O desejo não é necessário, mas é importante. Continuando no exemplo da alimentação: se eu quero comer um prato de lasanha ou uma salada de maionese, eu estou manifestando um desejo, algo opcional (que pode ou não ser realizado). Caso não tenha lasanha ou maionese, eu posso comer outra coisa. É bom que o desejo seja realizado, mas não é necessário. O pedido dos filhos de Zebedeu para sentarem a direita e a esquerda de Jesus (cf. Mc 10,35-37) é um desejo. E esse desejo não pode ser realizado por Jesus. Já nas bodas de Caná (cf. Jo 2,1-11) Jesus realiza dois desejos: está presente na festa de casamento e transforma água em vinho.

Os desejos não podem ser continuamente reprimidos e negados. Isso porque os mesmos é que conferem um significado humano à nossa existência. São eles que dão a sensação de que estamos vivendo, existindo, sendo felizes, sendo importantes para os outros.

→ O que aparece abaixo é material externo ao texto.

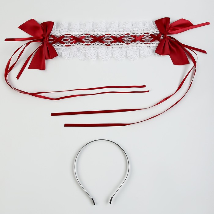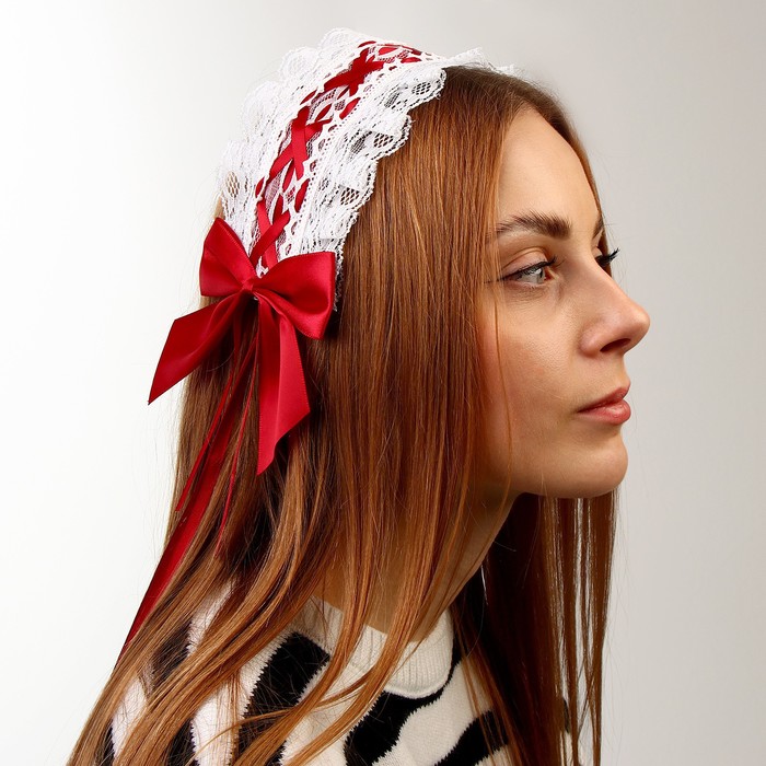 Карнавальная повязка «Лолита», цвет красный с белой тесьмой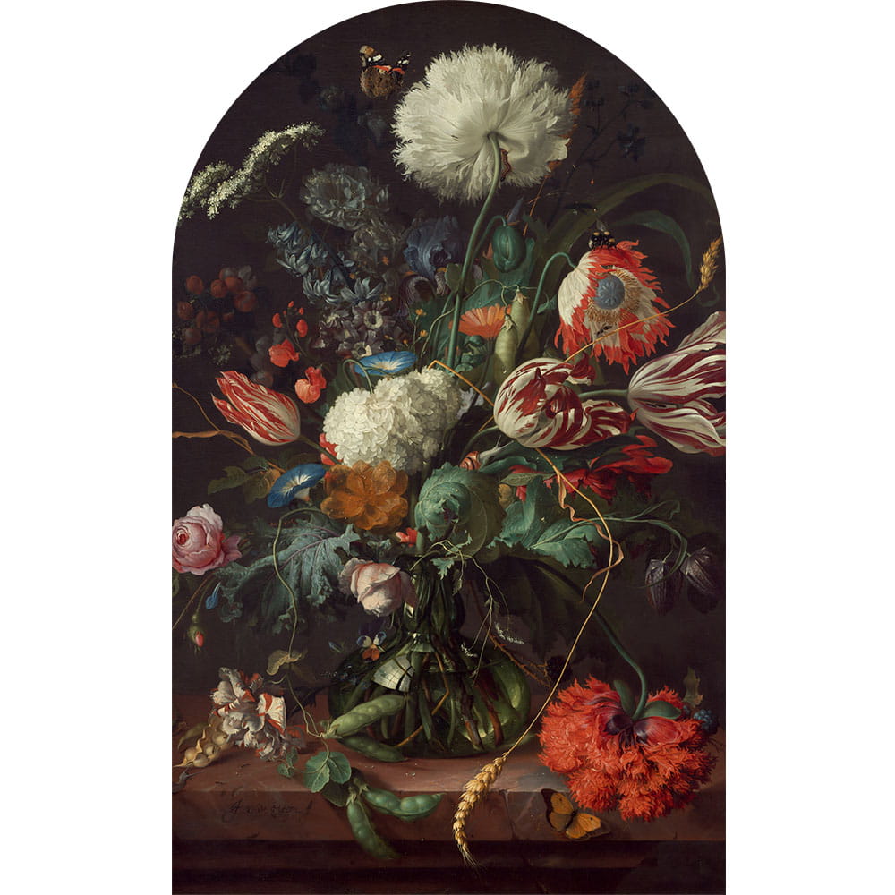 Florystyczna kompozycja z XVII wieku autorstwa Jana Davidsz de Heema zachwyca szlachetną paletą barw, różnorodnością gatunków i głębią światłocienia. Wysoki, pionowy format tapety doskonale podkreśla walory barokowego malarstwa i sprawia, że dekoracja przypomina portal zapraszający do świata sztuki dawnej - pełnej wytworności, elegancji oraz wyszukanej, maksymalistycznej estetyki.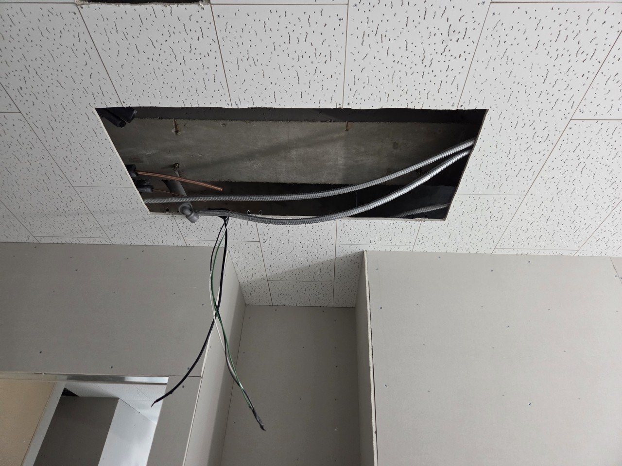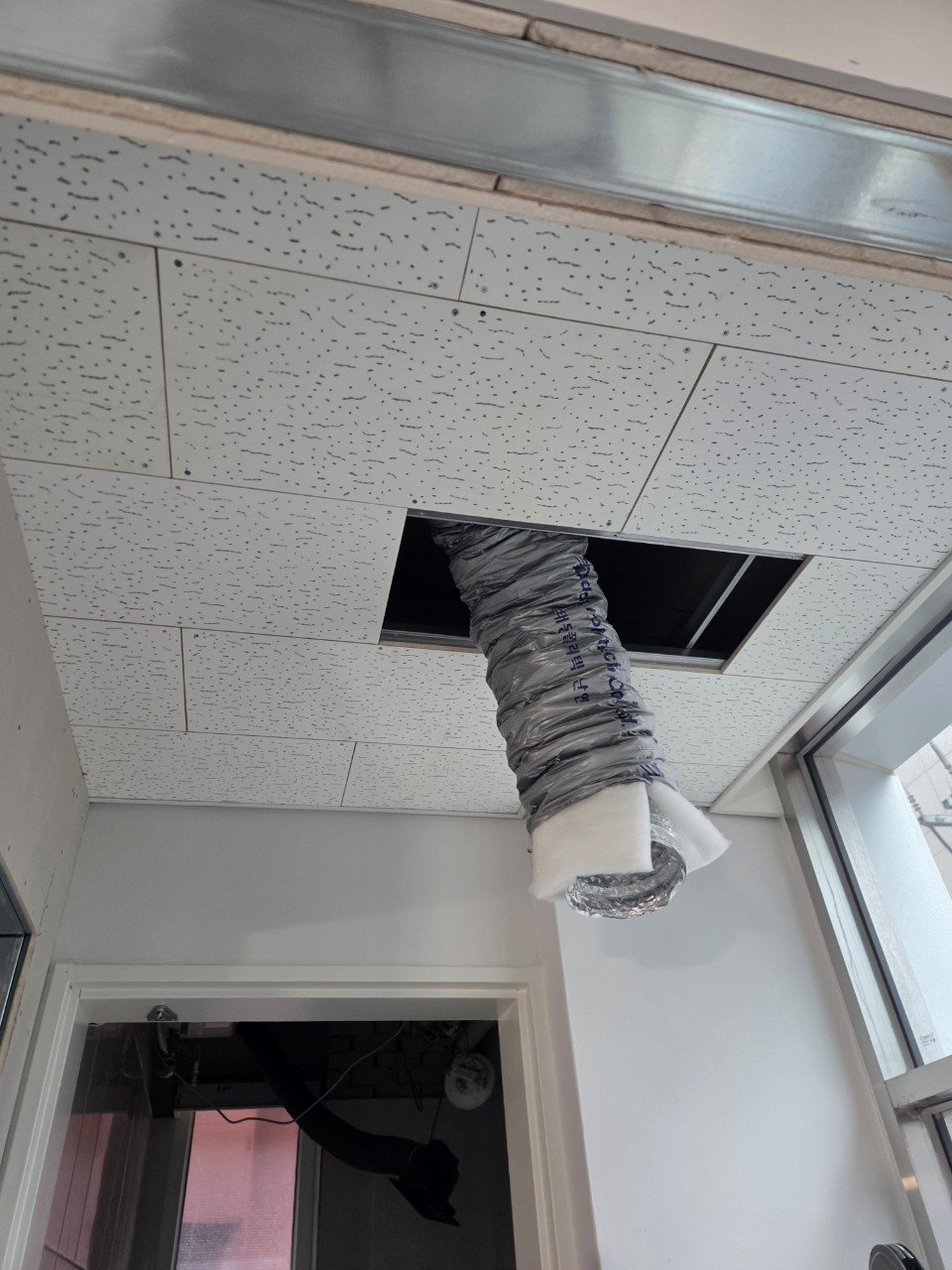 이번 현장은 천장 석고 마감 공정이 아직 남아 있는 상태에서 냉난방기 설치가 먼저 진행되어야 했습니다. 이런 경우에는 완전히 끝까지 다 설치해 두기보다는, 이후 마감 공정에 지장이 없도록 단계별로 분리해서 진행하는 것이 안전합니다.
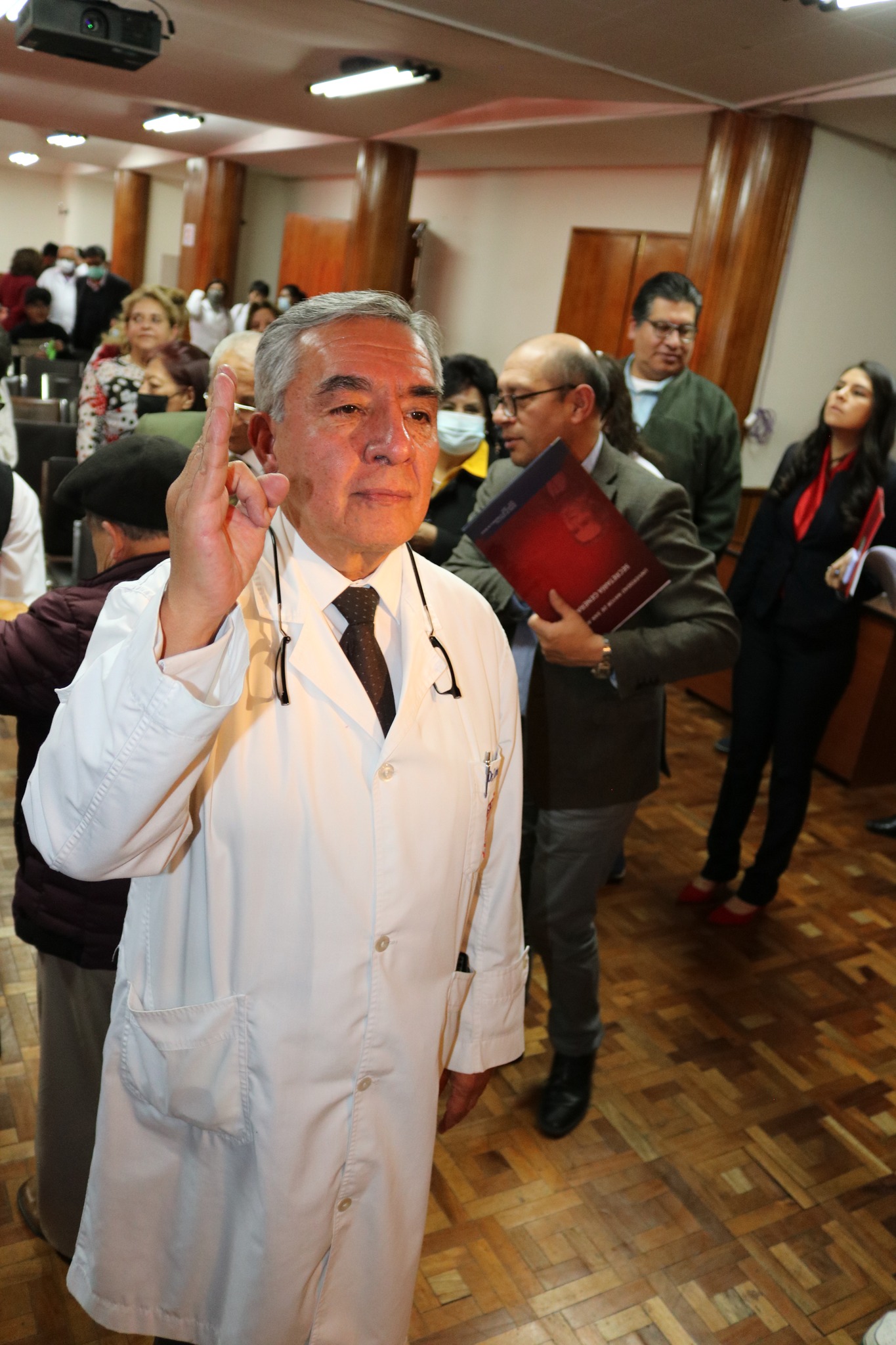 Este 6 de julio, en el solemne acto de posesión del nuevo Director de la Carrera de Medicina, Dr. Carlos Aguirre, participaron el M.Sc. Dr.Marco Aurelio Velasco Secretario General, M.Sc. Ing,Luis Ramiro Arce Salcedo, el presidente de la Asociación de Docentes de la Facultad de Medicina, Dr. Hernán Rivera, ex Decanos, la directora de la carrera de Enfermería, M.Sc. Lic. Tania Pinto Ucharico, directora de la carrera de Nutrición y Dietética, M.SC. Lic, Magdalena Jordán de Guzmán, la Directora de la carrera de Tecnología Médica, Lic. Delia Nina Huanca de Echegaray, Marinalda López Jaldin , Secretaria Ejecutiva del Centro de Estudiantes Facultativo, plantel docente, personal administrativo y comunidad universitaria.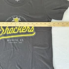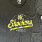 Blue 84 brand Sportswear Wichita State University Shockers Women's Size Medium T-Shirt, Short Sleeve Solid black tee with yellow and white printed graphics Front hit includes Wichita State University, Team Logo and Wichita, KS Est. 1895 Clean back hit NCAA officially licensed gear See photos for details, appearance and measurements Brand New Without Tags Buy It Now and Save $$ Inv#0511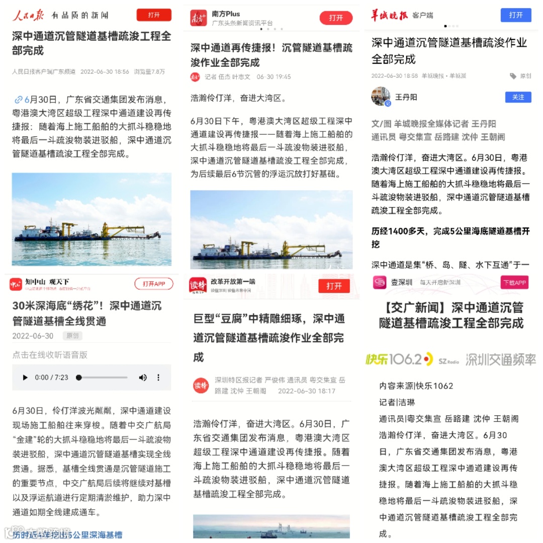 经过4年奋战,深中通道的沉管基槽完成全部开挖工程,为最后6节沉管的浮运沉放创造了先决条件,为深中通道2024年如期建成通车、助力粤港澳大湾区发展及打造环珠江口100公里“黄金内湾”奠定坚实基础。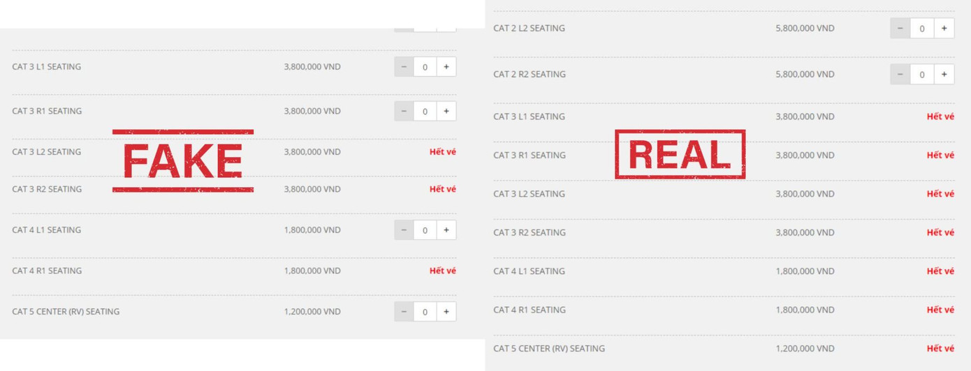 Thứ hai là lượng vé. Trên web giả, vé concert trong 2 đêm diễn ở các hạng vé vẫn còn, chỉ sold out (hết vé) ở 3 loại (CAT 3 L2, CAT 3 R2 và CAT 4 R1). Trong khi ở website thật, toàn bộ hạng vé từ CAT 3 đến CAT 5 đã bán hết chỉ sau khoảng 10 - 15 phút mở bán.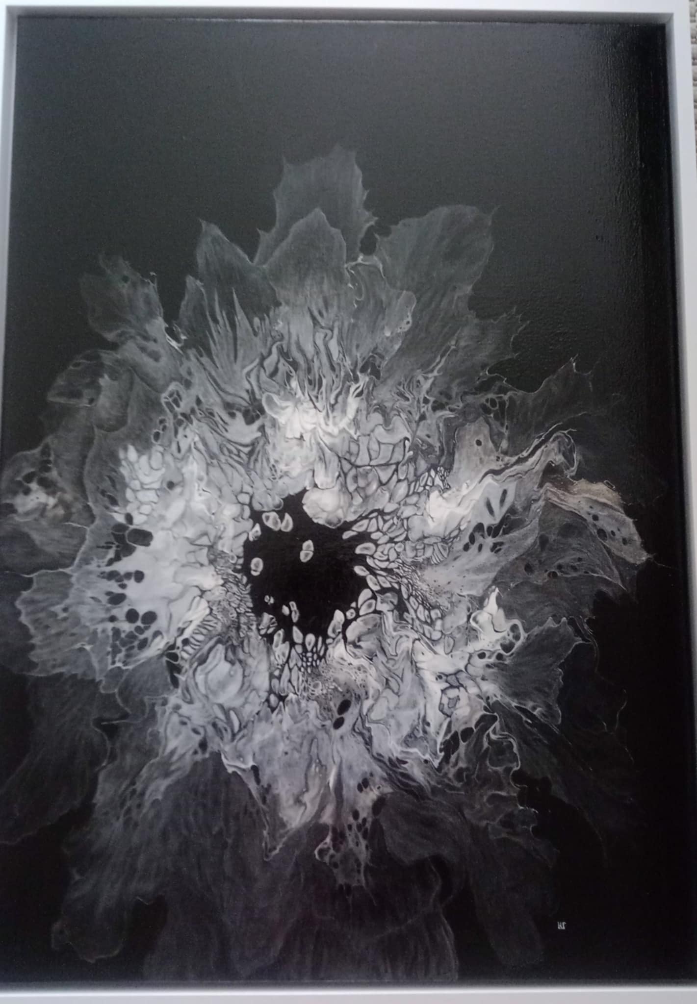 Le blanc éclatant avec des celules, presque lumineux, s’entrelace avec des nuances de gris, qui apportent profondeur et mystère. Le noir, quant à lui, accentue les zones de contraste, souligne la silhouette de la fleur tout en accentuant son côté abstrait, presque parfumé.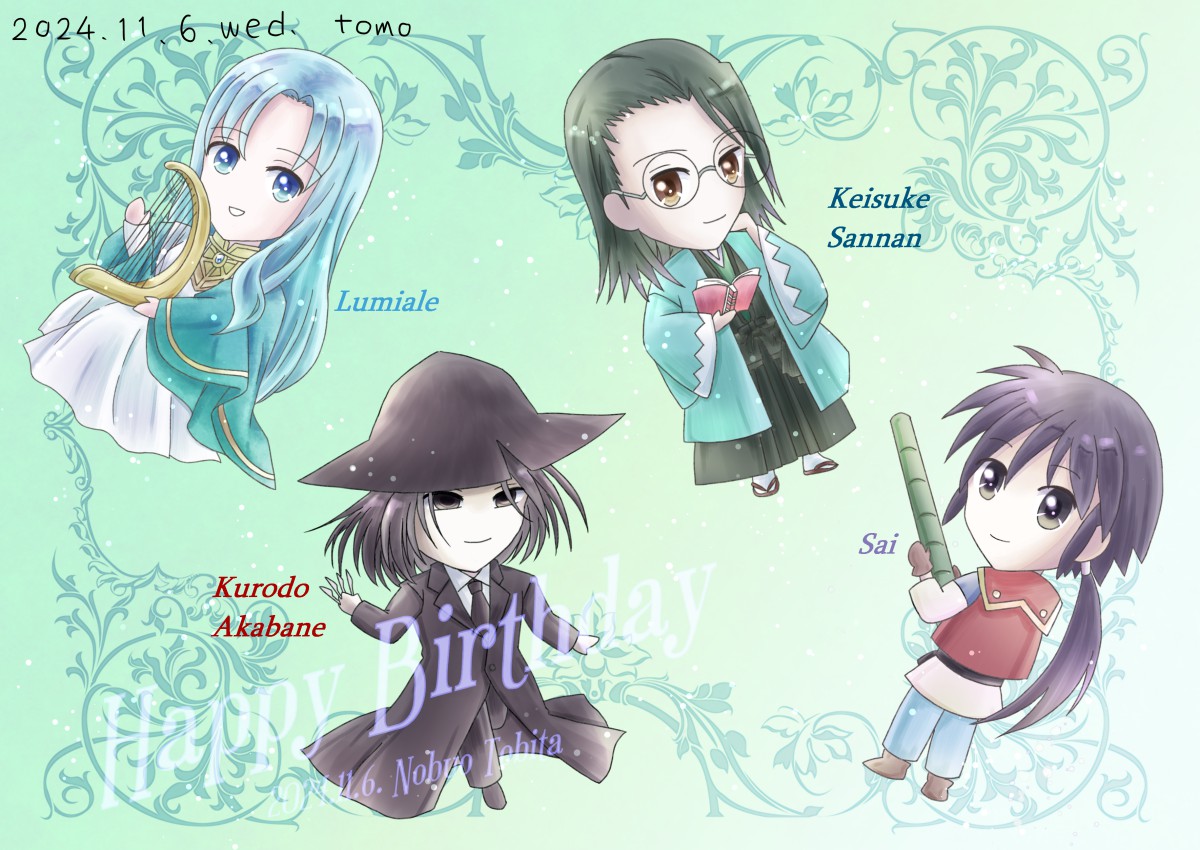 穏やかもコメディもデンジャーも美青年も動物キャラも、多彩に演じられる飛田さんのお誕生日記念に描いた、特に贔屓もしくは気になるキャラを選抜して描くのはやっぱ楽しいね!今回はミニキャラづくし。素材とかフィルタ機能とか駆使しすぎて派手過ぎた感が否めないけど、それもまたお祝いの気持ちってことで…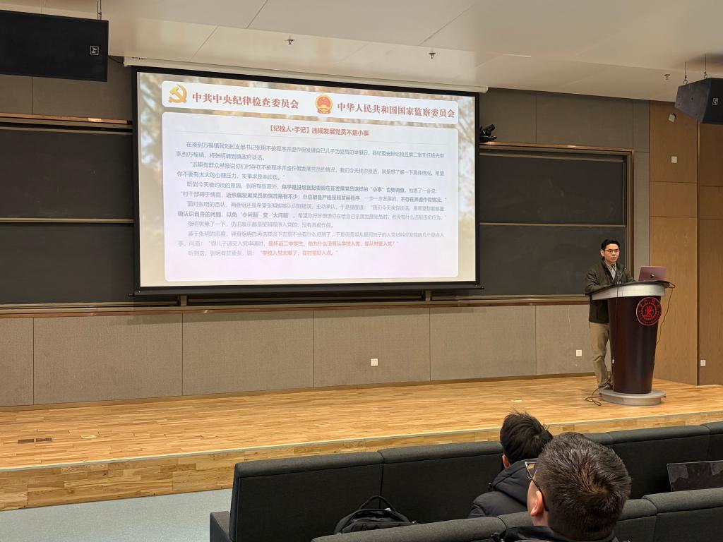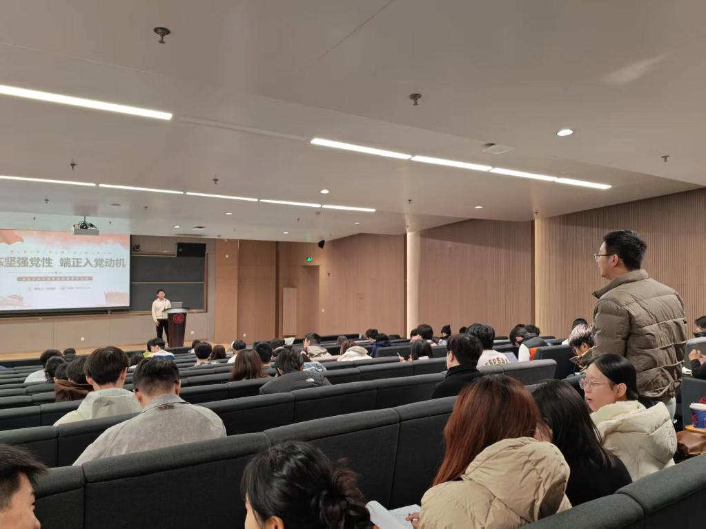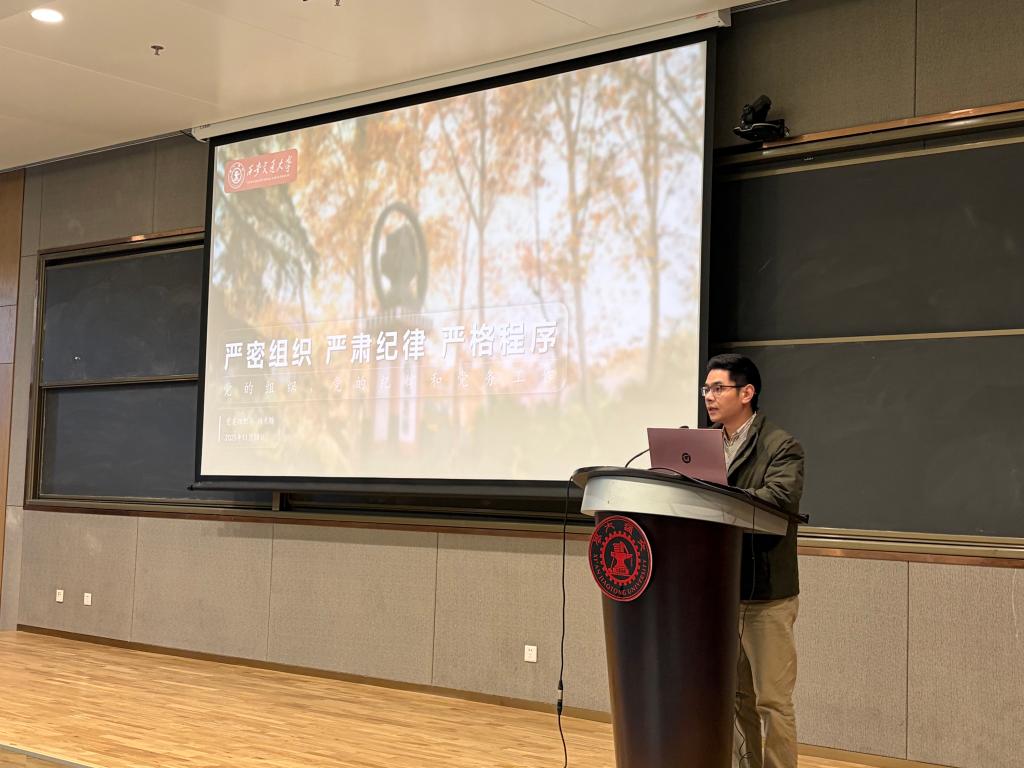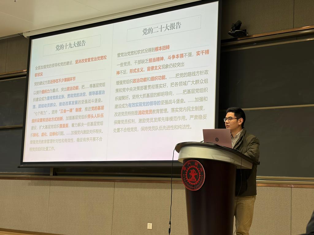 党委组织部杨夫腾老师以“严密组织 严肃纪律 严格程序”为主题,强调发展党员的重要性,带领同学们解读十九大报告、二十大报告中党的建设相关内容,为同学们解答了党员发展过程中可能出现的问题。

Mas isso não quer dizer que devemos realizar sempre todos os nossos desejos. Precisamos aprender a “negociar” com a vida e entender que o que importa não é a realização de todos os desejos, mas daqueles mais nobres e significativos. A não realização de alguns de nossos desejos é uma experiencia de cruz, mas pode também ser uma experiencia libertadora quando vivida na fé.

A prática cristã da fraternidade vai frequentemente ter que lidar com estas duas experiencias. No que diz respeito à necessidade, não tem outro jeito. É por isso que precisamos ajudar financeiramente (ou até como voluntários) entidades beneficentes, pois muitas pessoas estão precisando de nossa partilha para poderem sobreviver, saciar a fome, encontrar um lugar para dormir, alguém que cuide de sua saúde. Também é o caso do cuidado necessário de uma pessoa doente que convive conosco.

Já no que diz respeito ao desejo, tudo é uma questão de conquista. E é aí que está o tempero da vida. Pensar primeiramente que os nossos desejos podem ser errados, como o dos filhos de Zebedeu: “Não sabeis o que pedis” (Mc 10,38). Pensar também que nem sempre a vida ou os outros vão ter condições de nos ajudar a realizá-los; aprender a lidar com a contrariedade da vida. No que diz respeito aos desejos dos outros, também aprender que nem sempre devemos realizá-los. Dizer não quando tiver que dizer não. Em resumo: desejo é sempre uma questão de conquista, não de obrigação.